The main objective of this work is to carry out the clinical validation of the trial with the AMR Direct Flow Chip starting from either nasal swabs, rectal swabs directly or from isolated strains to detect antibiotic resistance genes.

Methods

We developed the preclinical validation of the assay with 104 known bacterial isolates. A total of 210 nasal or rectal swab samples were analyzed. The AMR assay is based on multiplex PCR followed by reverse dot blot hybridization on DNA arrays fully automated by using the HS24 platform.

Results

Both the sensitivity and specificity of the preclinical assay were 100%, with the 104 samples correctly identified. In the clinical validation, the sensitivity was 100% and the specificity was between 100% in nasal swabs and 97% in rectal swabs.

Conclusions

The AMR Direct Flow Chip® is a rapid and effective assay for the detection of multidrug-resistant microorganisms (MDR) from nasal and rectal swab samples.

Keywords:
Molecular diagnostic techniques
Multiple drug resistance
Microarray analysis
Molecular epidemiology
Resumen
Introducción

El objetivo fue realizar la validación clínica del sistema molecular AMR Direct Flow Chip® para la detección de genes de resistencia a antimicrobianos, partiendo de aislados bacterianos en cultivo así como de hisopos de muestras nasales o rectales.

Métodos

El ensayo AMR es una PCR multiplex seguida de hibridación reversa tipo dot blot en arrays de ADN completamente automatizada mediante la plataforma HS24 con un tiempo de realización de 3 horas. Se realizó la validación preclínica con 104 cepas bacterianas caracterizadas y posteriormente se analizaron 210 muestras de hisopos nasales o rectales.

Resultados

La sensibilidad y la especificidad del ensayo preclínico fueron del 100%, identificando correctamente las 104 cepas.
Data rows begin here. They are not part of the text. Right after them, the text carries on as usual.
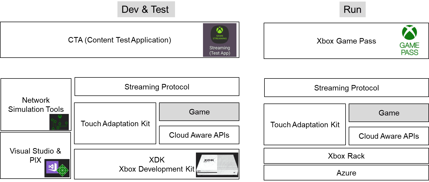 - 云游戏技术栈与Xbox Console游戏技术栈一致(Console Native),并提供TAK,存量游戏无需修改即可云化。
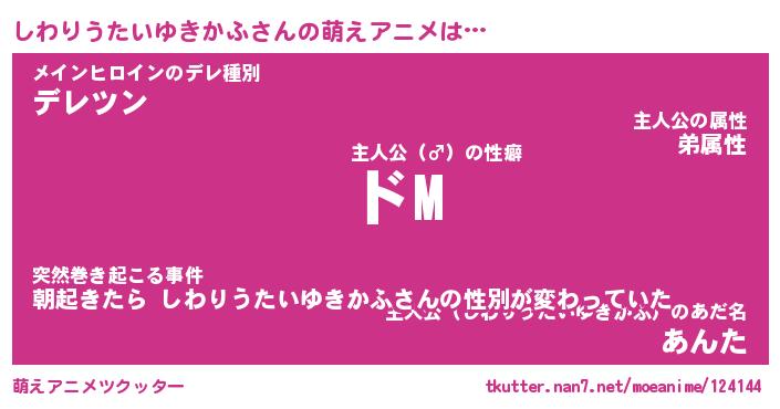 | 男性向けラノベタイトル風あだ名 | 『しわりうたいゆきかふの憂鬱』 |
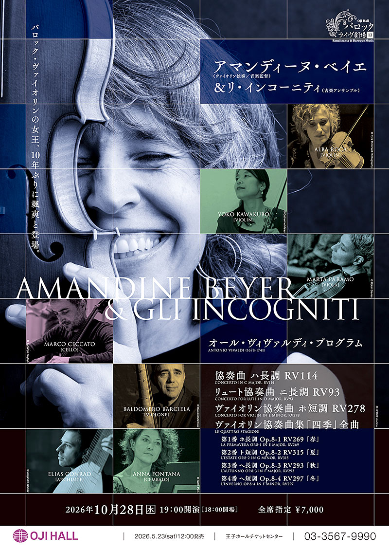 バロック・ヴァイオリンの女王アマンディーヌ・ベイエ率いるリ・インコーニティが、10年ぶりに“四季”と共にやって来ます。颯爽とした弾きぶりで聴衆を惹きつけ、わくわくさせるヴィヴァルディの世界を《バロック・ライヴ劇場》で再び。
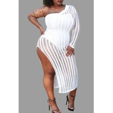 Lovely Sexy One Shoulder Hollow-out White Plus Size Cover-up
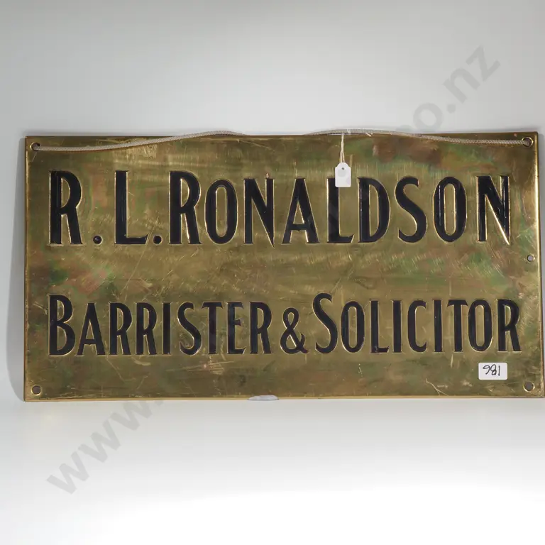 Vintage Brass Plaque "R L Ronaldson Barrister & Solicitor" - Moller & Young Christchurch

En la validación clínica, la sensibilidad fue del 100% y la especificidad fue del 100% en muestras rectales y del 97% en hisopos nasales.

Conclusiones

El sistema AMR Direct Flow Chip® es un sistema rápido y eficaz para la detección de MDR a partir de muestras rectales y nasales.

Palabras clave:
Técnicas de diagnóstico molecular
Multirresistencia a fármacos en español
Análisis de microarrays
Epidemiología molecular
Full Text
Introduction

Antimicrobial resistance is a threat to global public health,1 since it implies an increase in morbidity and mortality.2 Although the development of resistance is a natural biological phenomenon, the use of antibiotics has contributed to its increase.3

The usual time it takes to obtain the antimicrobial susceptibility of a microorganism varies between 24 and 72 h, a time that can be reduced by using rapid diagnostic tests.

There are several molecular tests for screening patients colonised by resistant microorganisms, such as the Xpert® MRSA, Xpert® vanA/vanB or Xpert® Carba-R (Cepheid Inc., Sunnyvale, CA, USA), although they still have some limitations in terms of the number of targets detected in a simple assay.4,5

The Antimicrobial Resistance (AMR) Direct Flow Chip® kit (Master Diagnóstica, Granada, Spain) is a molecular diagnostic system based on multiplex PCR followed by reverse dot blot hybridisation on DNA arrays, fully automated using the HS24 platform. This system makes it possible to detect 20 families of resistance genes in gram-positive and gram-negative bacteria (mecA, vanA/B and extended-spectrum beta-lactamase [ESBL] genes, as well as class A, B and D carbapenemase genes and the Staphylococcus aureus species). (Table 1). The assay can be performed directly on nasal or rectal swabs, bacterial colonies or blood cultures, with a time to result of approximately three hours.

Table 1.

Genetic determinants of resistance detected by the AMR Direct Flow Chip® assay.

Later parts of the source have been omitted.